··· EXERCISE MATERIAL

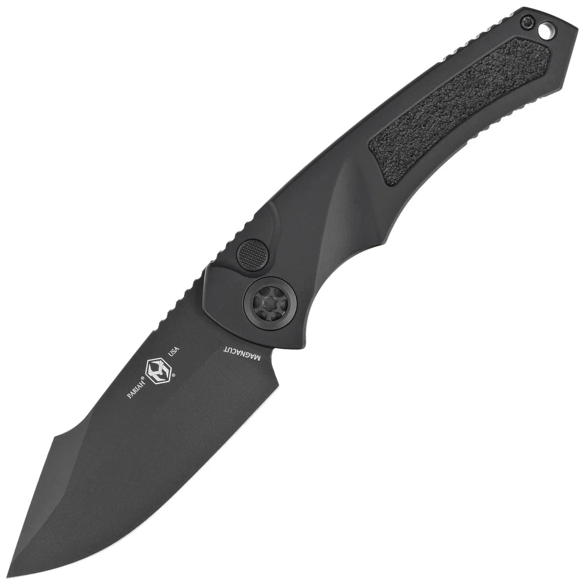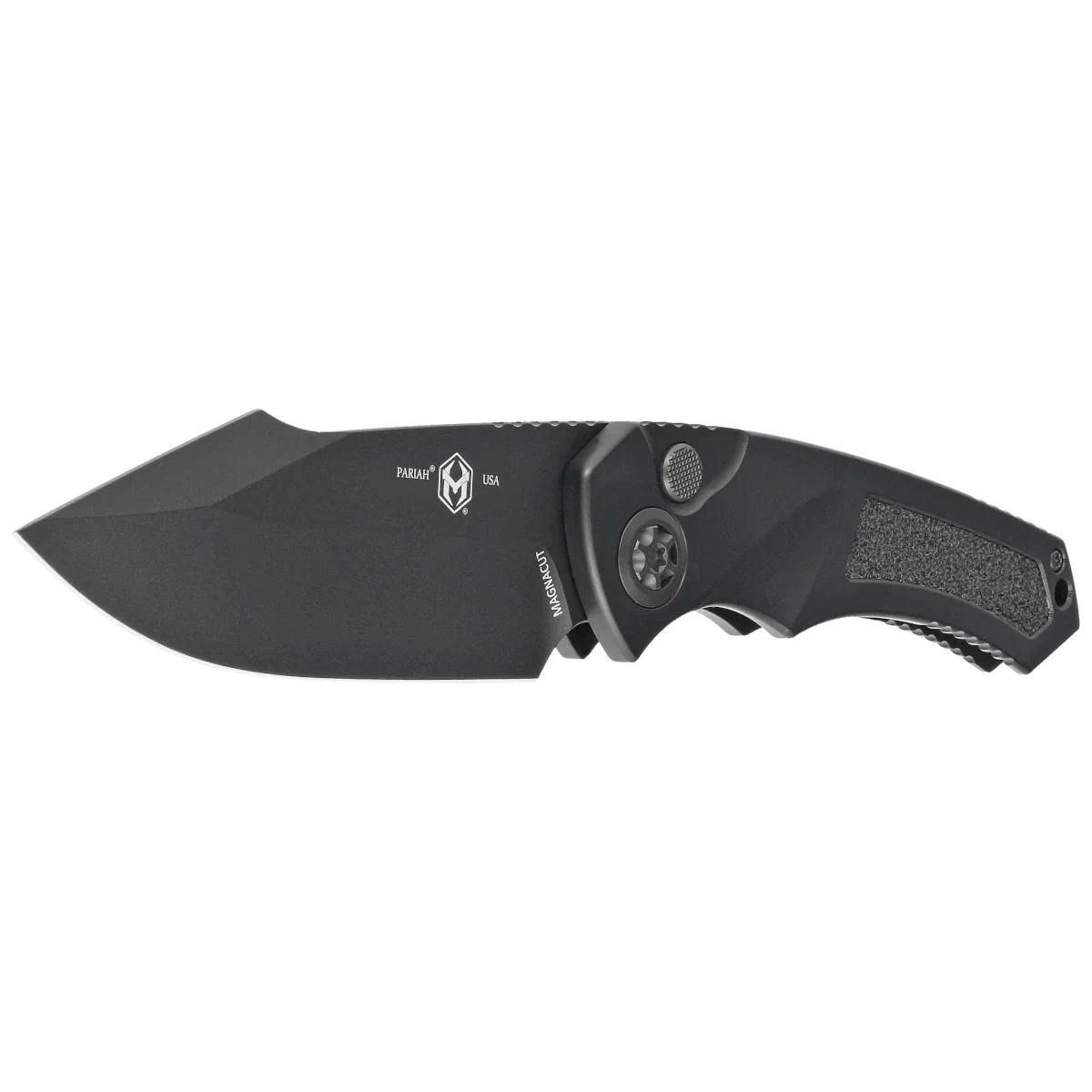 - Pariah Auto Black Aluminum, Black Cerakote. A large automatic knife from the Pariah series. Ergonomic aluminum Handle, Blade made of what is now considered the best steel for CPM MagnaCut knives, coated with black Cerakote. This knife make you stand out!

······
··· EXERCISE MATERIAL

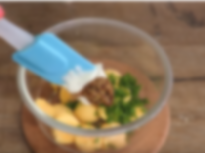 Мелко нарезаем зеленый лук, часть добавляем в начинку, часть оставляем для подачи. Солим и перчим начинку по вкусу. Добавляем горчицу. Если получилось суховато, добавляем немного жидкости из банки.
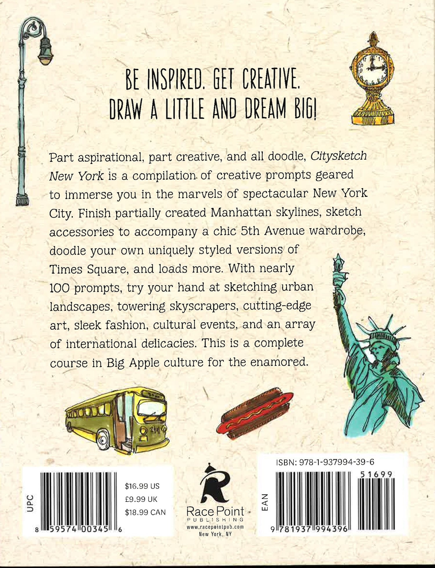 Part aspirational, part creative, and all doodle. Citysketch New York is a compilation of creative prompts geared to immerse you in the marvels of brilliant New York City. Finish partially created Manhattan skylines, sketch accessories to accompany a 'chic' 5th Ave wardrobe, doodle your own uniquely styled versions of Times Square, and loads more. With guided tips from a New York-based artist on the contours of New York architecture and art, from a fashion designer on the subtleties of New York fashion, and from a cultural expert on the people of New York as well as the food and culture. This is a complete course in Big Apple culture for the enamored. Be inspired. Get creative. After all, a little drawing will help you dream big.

······
··· EXERCISE MATERIAL

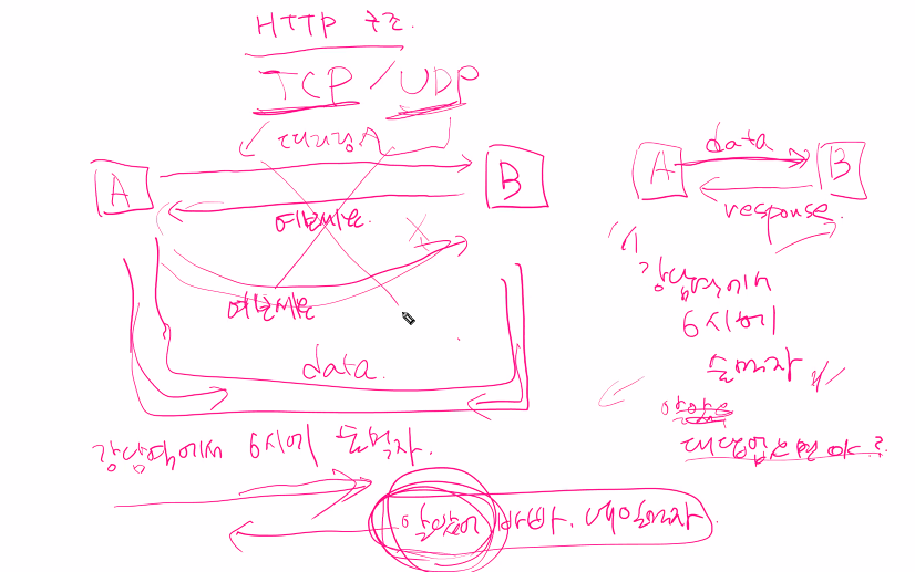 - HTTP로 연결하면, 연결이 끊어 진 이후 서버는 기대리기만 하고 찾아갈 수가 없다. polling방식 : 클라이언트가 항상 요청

······

→ BRIEF
Using the data above, give again exactly the lines starting at the one holding "Мелко нарезаем зеленый" and ending at the one holding "Part aspirational, part", inclusive, and nothing more. Omit the pictures.

→ FINISHED TASK
 Мелко нарезаем зеленый лук, часть добавляем в начинку, часть оставляем для подачи. Солим и перчим начинку по вкусу. Добавляем горчицу. Если получилось суховато, добавляем немного жидкости из банки.
 Part aspirational, part creative, and all doodle. Citysketch New York is a compilation of creative prompts geared to immerse you in the marvels of brilliant New York City. Finish partially created Manhattan skylines, sketch accessories to accompany a 'chic' 5th Ave wardrobe, doodle your own uniquely styled versions of Times Square, and loads more. With guided tips from a New York-based artist on the contours of New York architecture and art, from a fashion designer on the subtleties of New York fashion, and from a cultural expert on the people of New York as well as the food and culture. This is a complete course in Big Apple culture for the enamored. Be inspired. Get creative. After all, a little drawing will help you dream big.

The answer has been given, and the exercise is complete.